Task details: Starting at the line that contains "截至2025年一季度末,公司", set down each line exactly until the records end, keeping both ends and adding nothing.

Input records:
- - -
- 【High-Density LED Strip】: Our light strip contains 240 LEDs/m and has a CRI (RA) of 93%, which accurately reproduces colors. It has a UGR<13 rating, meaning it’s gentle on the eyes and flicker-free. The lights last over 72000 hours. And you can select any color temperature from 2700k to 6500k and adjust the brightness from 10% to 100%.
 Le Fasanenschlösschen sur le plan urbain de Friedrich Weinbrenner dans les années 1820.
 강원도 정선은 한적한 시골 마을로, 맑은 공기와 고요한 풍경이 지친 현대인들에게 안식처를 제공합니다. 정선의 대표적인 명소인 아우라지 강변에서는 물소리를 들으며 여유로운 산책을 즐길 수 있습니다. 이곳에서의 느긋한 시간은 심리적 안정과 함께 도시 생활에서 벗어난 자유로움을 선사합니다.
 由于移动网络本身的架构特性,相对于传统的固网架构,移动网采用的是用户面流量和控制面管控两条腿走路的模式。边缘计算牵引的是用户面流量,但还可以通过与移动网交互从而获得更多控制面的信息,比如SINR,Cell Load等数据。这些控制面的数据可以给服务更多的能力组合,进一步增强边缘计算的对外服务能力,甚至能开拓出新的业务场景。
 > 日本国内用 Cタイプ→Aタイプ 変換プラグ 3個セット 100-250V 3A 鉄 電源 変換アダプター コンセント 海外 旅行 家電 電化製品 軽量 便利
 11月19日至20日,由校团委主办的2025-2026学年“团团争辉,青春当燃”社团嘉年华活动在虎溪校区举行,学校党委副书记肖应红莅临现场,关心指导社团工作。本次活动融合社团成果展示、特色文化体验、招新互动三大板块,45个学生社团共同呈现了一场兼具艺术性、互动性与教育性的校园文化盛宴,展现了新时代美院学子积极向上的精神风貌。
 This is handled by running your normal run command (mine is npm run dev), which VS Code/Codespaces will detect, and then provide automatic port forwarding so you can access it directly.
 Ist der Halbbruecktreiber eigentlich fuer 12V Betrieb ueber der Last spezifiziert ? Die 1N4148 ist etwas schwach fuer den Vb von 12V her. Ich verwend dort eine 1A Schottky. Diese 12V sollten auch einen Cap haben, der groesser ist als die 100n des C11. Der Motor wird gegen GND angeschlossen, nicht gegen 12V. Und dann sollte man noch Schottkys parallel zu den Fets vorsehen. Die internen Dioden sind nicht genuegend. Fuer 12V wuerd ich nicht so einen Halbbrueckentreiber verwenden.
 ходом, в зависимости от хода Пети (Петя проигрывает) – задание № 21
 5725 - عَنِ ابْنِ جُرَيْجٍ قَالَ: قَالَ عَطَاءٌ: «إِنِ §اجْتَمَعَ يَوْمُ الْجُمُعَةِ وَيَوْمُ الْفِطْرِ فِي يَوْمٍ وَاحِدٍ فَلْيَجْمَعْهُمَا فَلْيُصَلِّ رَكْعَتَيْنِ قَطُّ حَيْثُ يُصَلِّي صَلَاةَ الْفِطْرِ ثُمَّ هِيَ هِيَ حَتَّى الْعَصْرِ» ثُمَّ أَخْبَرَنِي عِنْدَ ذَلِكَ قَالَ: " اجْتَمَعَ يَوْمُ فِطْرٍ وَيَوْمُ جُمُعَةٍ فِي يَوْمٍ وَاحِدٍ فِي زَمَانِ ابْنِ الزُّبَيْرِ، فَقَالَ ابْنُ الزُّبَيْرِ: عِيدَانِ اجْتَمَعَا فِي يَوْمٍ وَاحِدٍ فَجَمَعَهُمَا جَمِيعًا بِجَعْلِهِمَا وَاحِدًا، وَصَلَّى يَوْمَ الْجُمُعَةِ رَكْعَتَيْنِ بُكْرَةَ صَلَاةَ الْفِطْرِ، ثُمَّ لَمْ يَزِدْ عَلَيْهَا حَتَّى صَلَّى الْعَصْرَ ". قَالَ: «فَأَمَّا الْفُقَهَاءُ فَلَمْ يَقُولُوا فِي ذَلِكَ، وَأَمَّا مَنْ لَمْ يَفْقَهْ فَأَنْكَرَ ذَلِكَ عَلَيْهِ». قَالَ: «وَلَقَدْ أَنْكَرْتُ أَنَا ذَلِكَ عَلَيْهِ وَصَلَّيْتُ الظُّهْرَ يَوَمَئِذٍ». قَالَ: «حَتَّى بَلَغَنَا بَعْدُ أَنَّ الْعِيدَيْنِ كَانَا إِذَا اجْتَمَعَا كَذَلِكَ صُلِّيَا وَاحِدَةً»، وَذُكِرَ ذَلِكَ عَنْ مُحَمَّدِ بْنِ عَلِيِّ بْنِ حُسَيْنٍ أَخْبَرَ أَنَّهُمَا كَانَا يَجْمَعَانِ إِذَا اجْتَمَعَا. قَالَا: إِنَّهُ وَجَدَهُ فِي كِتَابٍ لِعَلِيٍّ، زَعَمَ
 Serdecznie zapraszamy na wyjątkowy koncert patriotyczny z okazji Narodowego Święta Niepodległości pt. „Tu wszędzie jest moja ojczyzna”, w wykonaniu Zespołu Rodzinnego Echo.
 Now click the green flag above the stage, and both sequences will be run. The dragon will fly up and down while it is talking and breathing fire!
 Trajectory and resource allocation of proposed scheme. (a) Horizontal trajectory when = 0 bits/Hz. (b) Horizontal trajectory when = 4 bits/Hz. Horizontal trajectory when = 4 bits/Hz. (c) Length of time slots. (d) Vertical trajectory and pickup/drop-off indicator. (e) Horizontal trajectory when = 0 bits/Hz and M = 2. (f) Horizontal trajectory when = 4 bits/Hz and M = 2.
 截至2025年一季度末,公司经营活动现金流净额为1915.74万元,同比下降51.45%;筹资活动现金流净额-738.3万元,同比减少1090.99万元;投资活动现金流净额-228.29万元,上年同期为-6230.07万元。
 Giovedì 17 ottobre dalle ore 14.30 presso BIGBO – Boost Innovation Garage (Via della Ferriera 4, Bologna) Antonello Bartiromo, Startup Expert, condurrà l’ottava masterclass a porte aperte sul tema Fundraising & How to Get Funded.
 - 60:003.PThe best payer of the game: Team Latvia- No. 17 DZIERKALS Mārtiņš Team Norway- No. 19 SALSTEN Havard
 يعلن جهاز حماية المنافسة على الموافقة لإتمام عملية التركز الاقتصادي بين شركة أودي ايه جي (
- - -
Task response:
 截至2025年一季度末,公司经营活动现金流净额为1915.74万元,同比下降51.45%;筹资活动现金流净额-738.3万元,同比减少1090.99万元;投资活动现金流净额-228.29万元,上年同期为-6230.07万元。
 Giovedì 17 ottobre dalle ore 14.30 presso BIGBO – Boost Innovation Garage (Via della Ferriera 4, Bologna) Antonello Bartiromo, Startup Expert, condurrà l’ottava masterclass a porte aperte sul tema Fundraising & How to Get Funded.
 - 60:003.PThe best payer of the game: Team Latvia- No. 17 DZIERKALS Mārtiņš Team Norway- No. 19 SALSTEN Havard
 يعلن جهاز حماية المنافسة على الموافقة لإتمام عملية التركز الاقتصادي بين شركة أودي ايه جي (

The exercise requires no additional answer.